In Java streams is peek really only for debugging?
Solution 1:
The important thing you have to understand is that streams are driven by the terminal operation. The terminal operation determines whether all elements have to be processed or any at all. So collect
is an operation that processes each item, whereas findAny
may stop processing items once it encountered a matching element.
And count()
may not process any elements at all when it can determine the size of the stream without processing the items. Since this is an optimization not made in Java 8, but which will be in Java 9, there might be surprises when you switch to Java 9 and have code relying on count()
processing all items. This is also connected to other implementation-dependent details, e.g. even in Java 9, the reference implementation will not be able to predict the size of an infinite stream source combined with limit
while there is no fundamental limitation preventing such prediction.
Since peek
allows “performing the provided action on each element as elements are consumed from the resulting stream”, it does not mandate processing of elements but will perform the action depending on what the terminal operation needs. This implies that you have to use it with great care if you need a particular processing, e.g. want to apply an action on all elements. It works if the terminal operation is guaranteed to process all items, but even then, you must be sure that not the next developer changes the terminal operation (or you forget that subtle aspect).
Further, while streams guarantee to maintain the encounter order for a certain combination of operations even for parallel streams, these guarantees do not apply to peek
. When collecting into a list, the resulting list will have the right order for ordered parallel streams, but the peek
action may get invoked in an arbitrary order and concurrently.

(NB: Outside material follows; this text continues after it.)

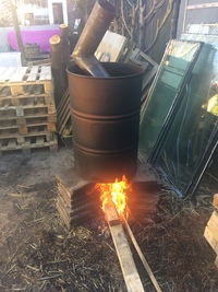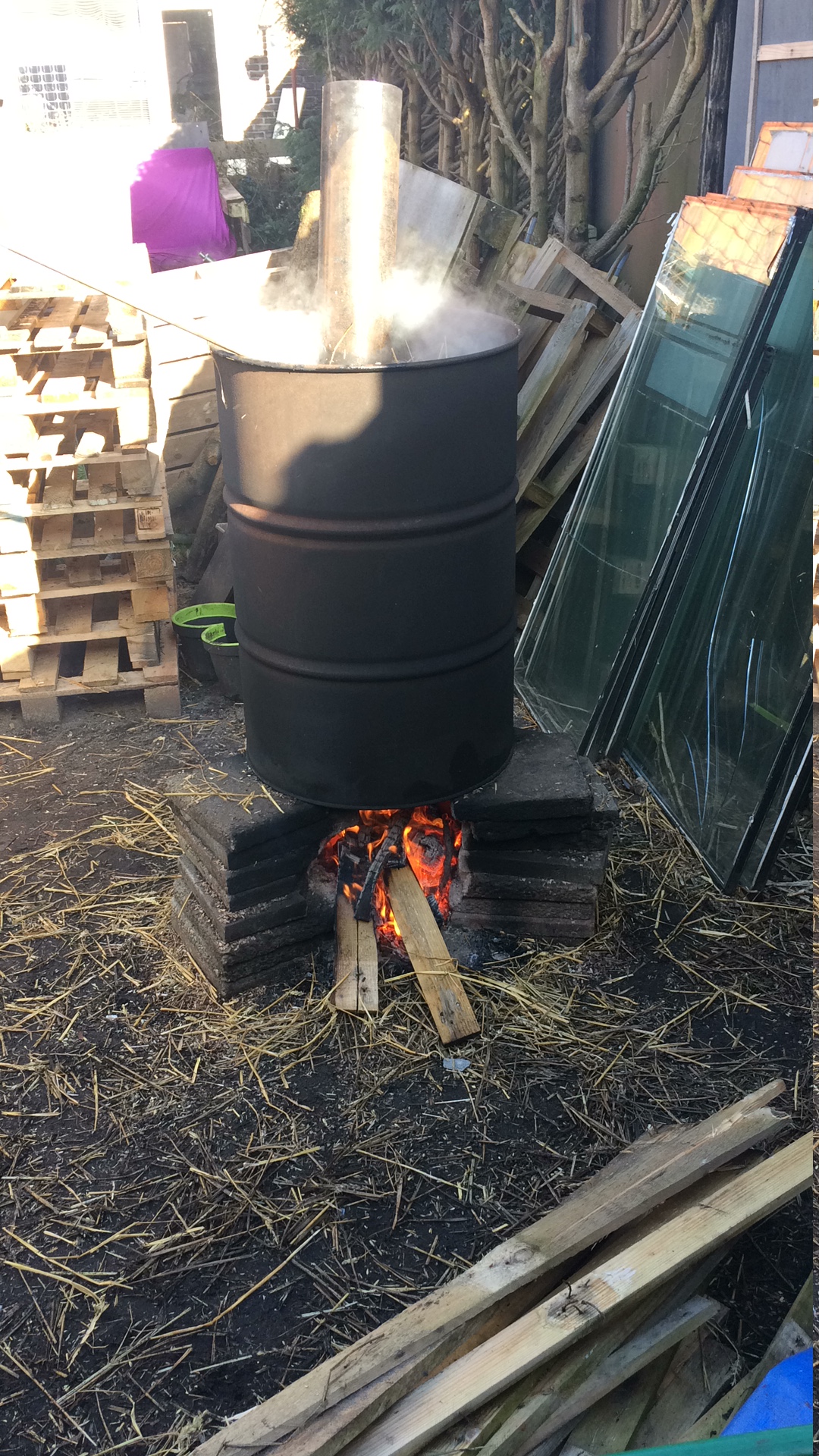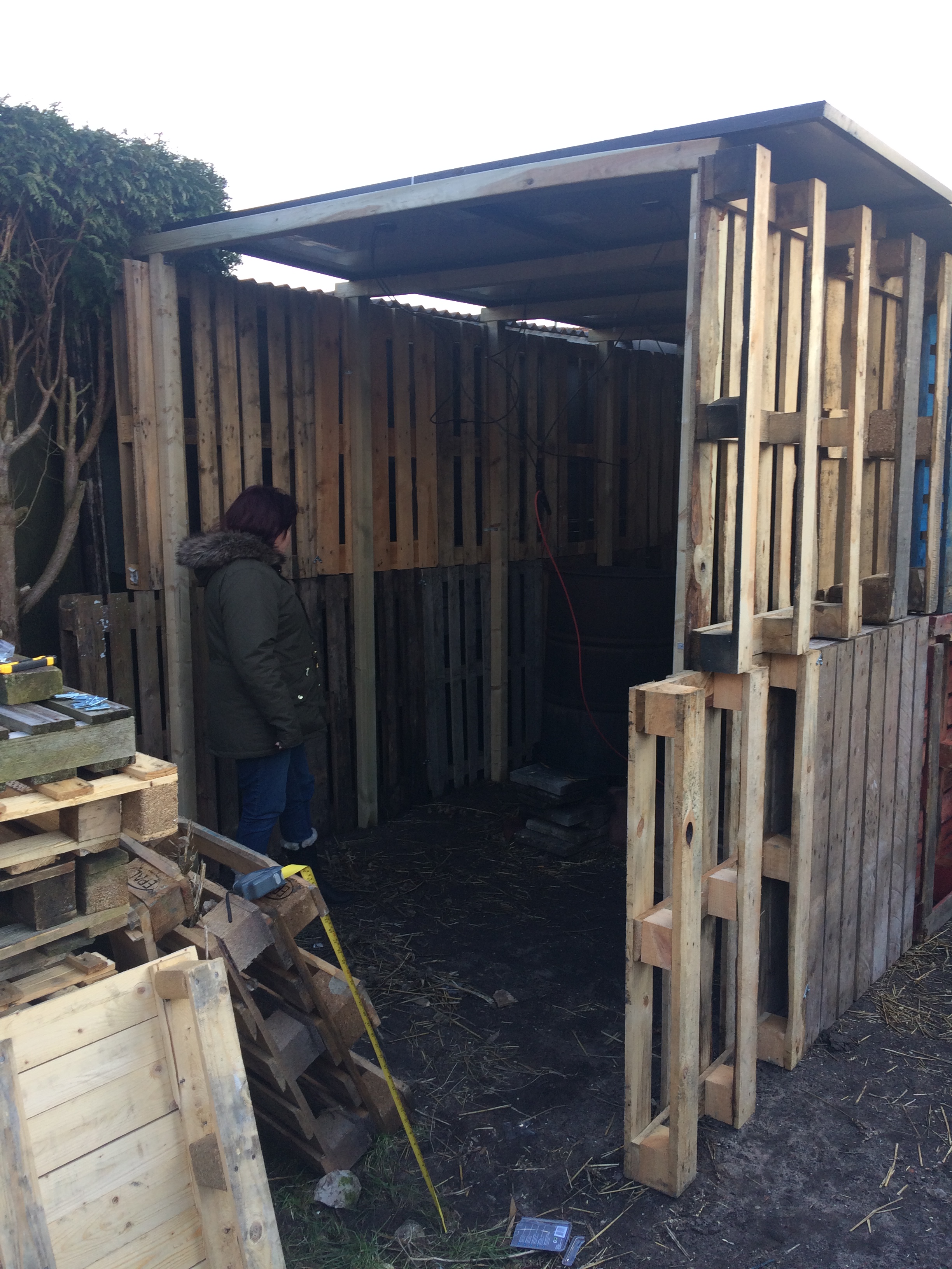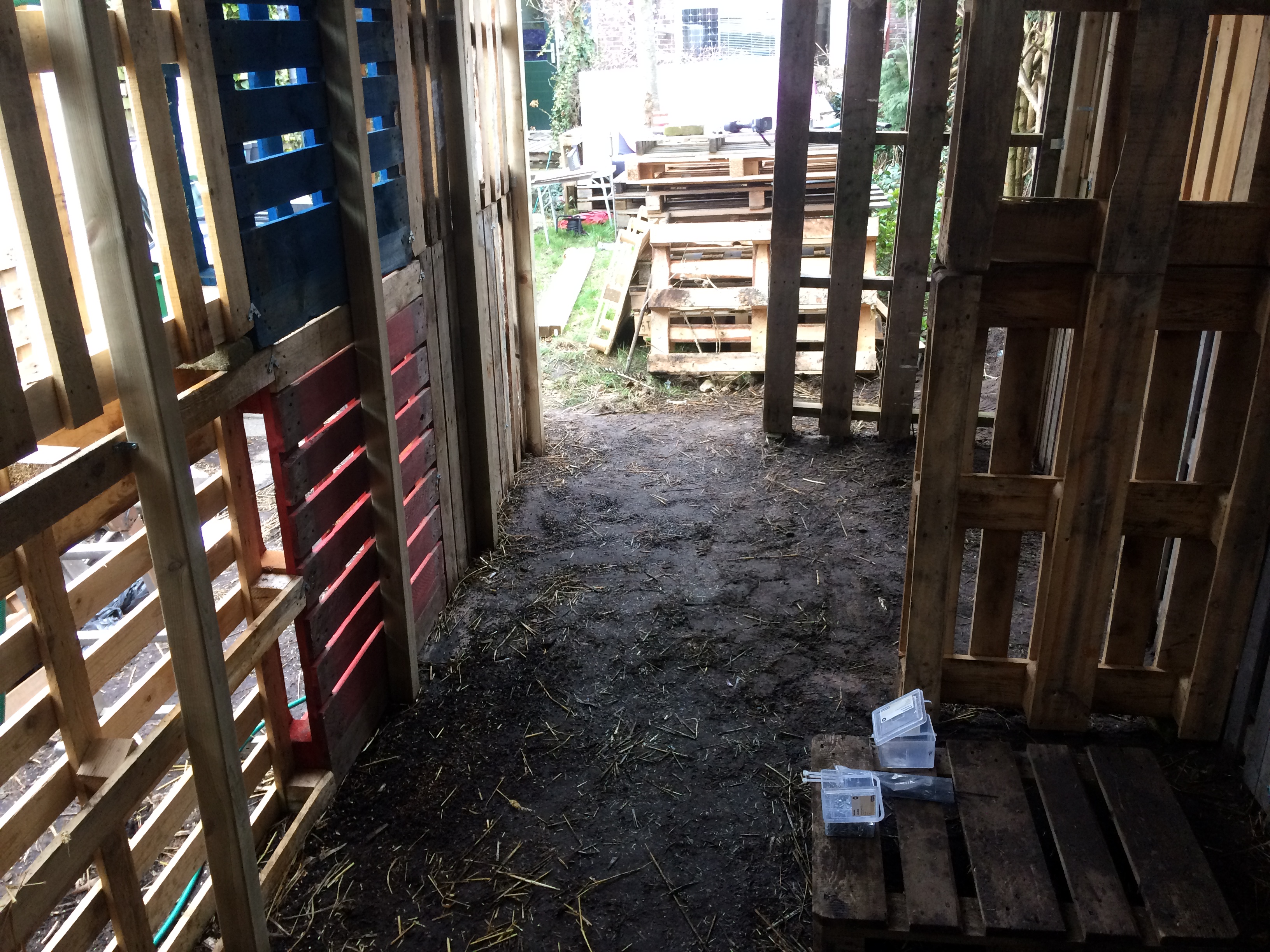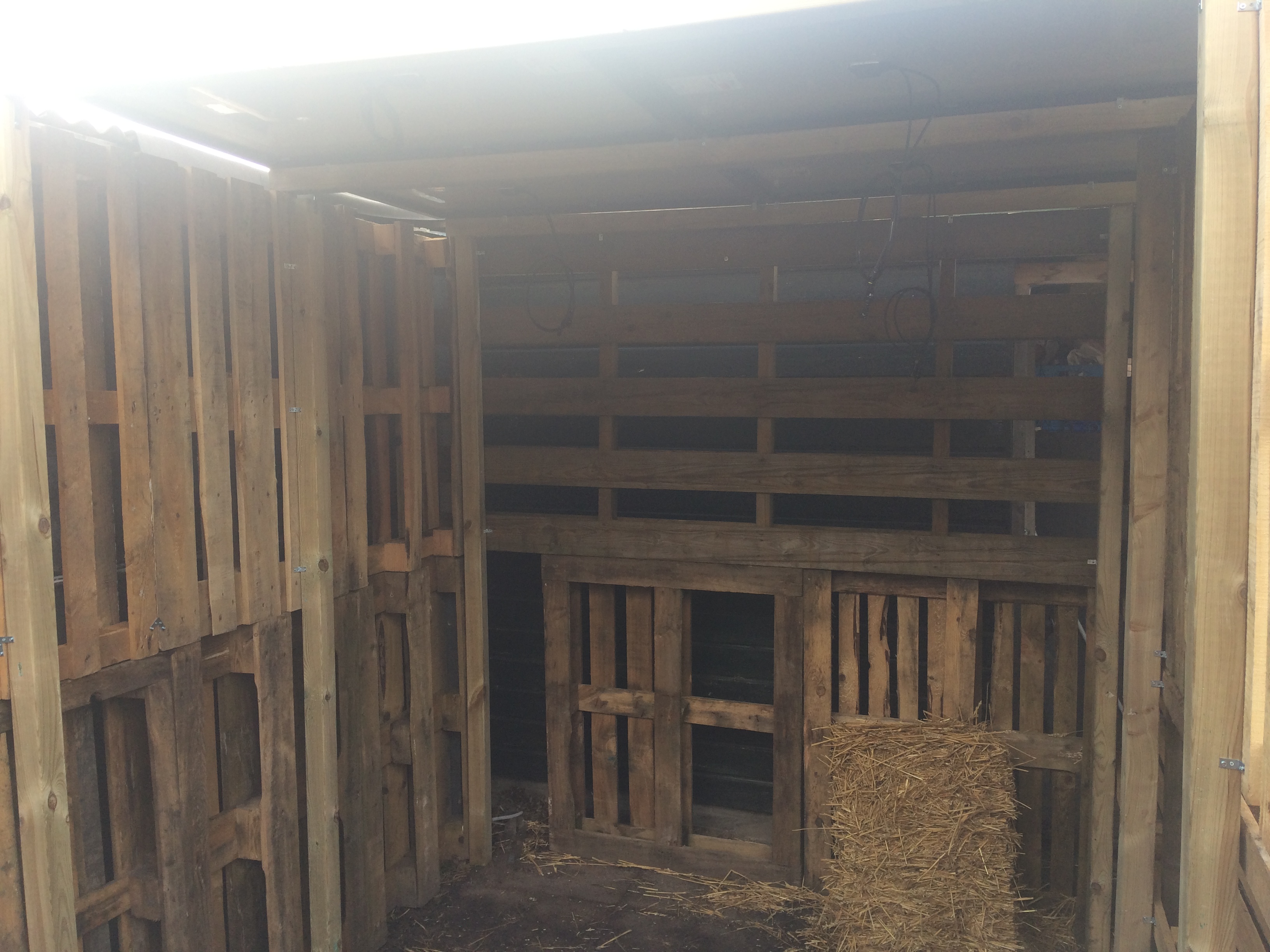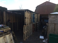 De schuur word gebouwd van oude pallets en tuinhek palen. Het dak word gemaakt van zonnepanelen. De proces besturing word gedaan door een Raspberry Pi.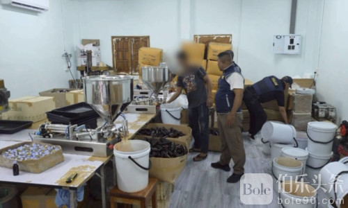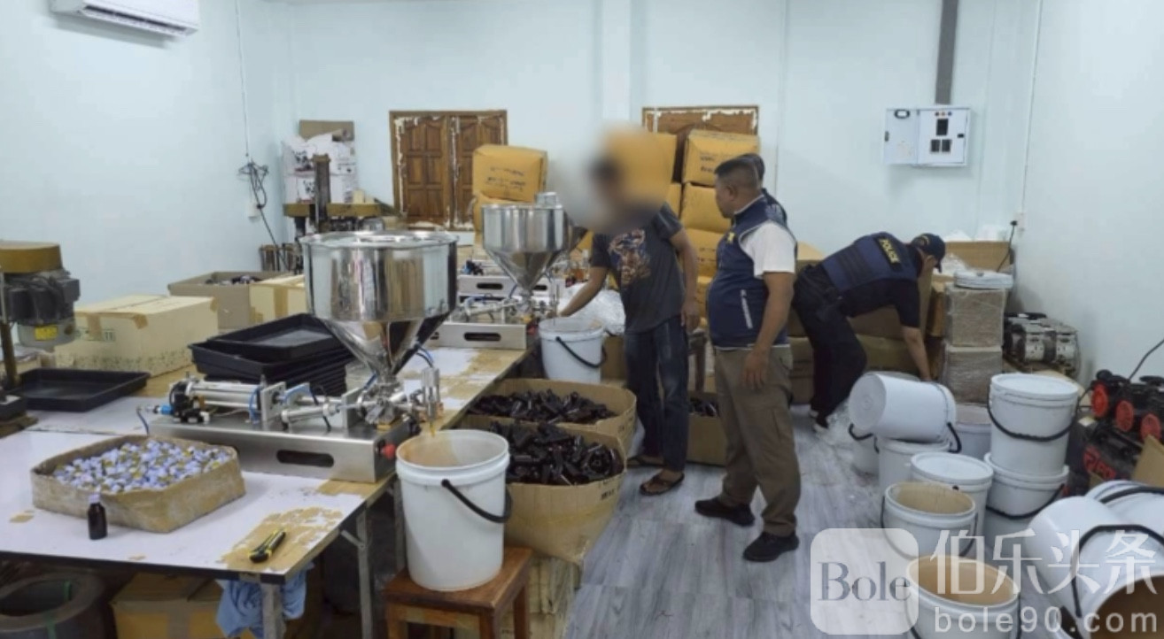 伯乐头条专讯:泰国南大叻府近期爆出重大案件,警方联合当地卫生部门成功捣毁一个大型假止咳药生产网络,涉案药品及原料、设备总价值超过2,000万泰铢。此次行动共查获假止咳药约77,000瓶,包括多个品牌,如DATISSIN、DIPHENYL、IWADIL等,同时缴获生产设备、空瓶、标签及原料储存桶等。

So the most useful thing you can do with peek
is to find out whether a stream element has been processed which is exactly what the API documentation says:
This method exists mainly to support debugging, where you want to see the elements as they flow past a certain point in a pipeline
Solution 2:
The key takeaway from this:
Don't use the API in an unintended way, even if it accomplishes your immediate goal. That approach may break in the future, and it is also unclear to future maintainers.
There is no harm in breaking this out to multiple operations, as they are distinct operations. There is harm in using the API in an unclear and unintended way, which may have ramifications if this particular behavior is modified in future versions of Java.
Using forEach
on this operation would make it clear to the maintainer that there is an intended side effect on each element of accounts
, and that you are performing some operation that can mutate it.
It's also more conventional in the sense that peek
is an intermediate operation which doesn't operate on the entire collection until the terminal operation runs, but forEach
is indeed a terminal operation. This way, you can make strong arguments around the behavior and the flow of your code as opposed to asking questions about if peek
would behave the same as forEach
does in this context.
accounts.forEach(a -> a.login());
List<Account> loggedInAccounts = accounts.stream()
.filter(Account::loggedIn)
.collect(Collectors.toList());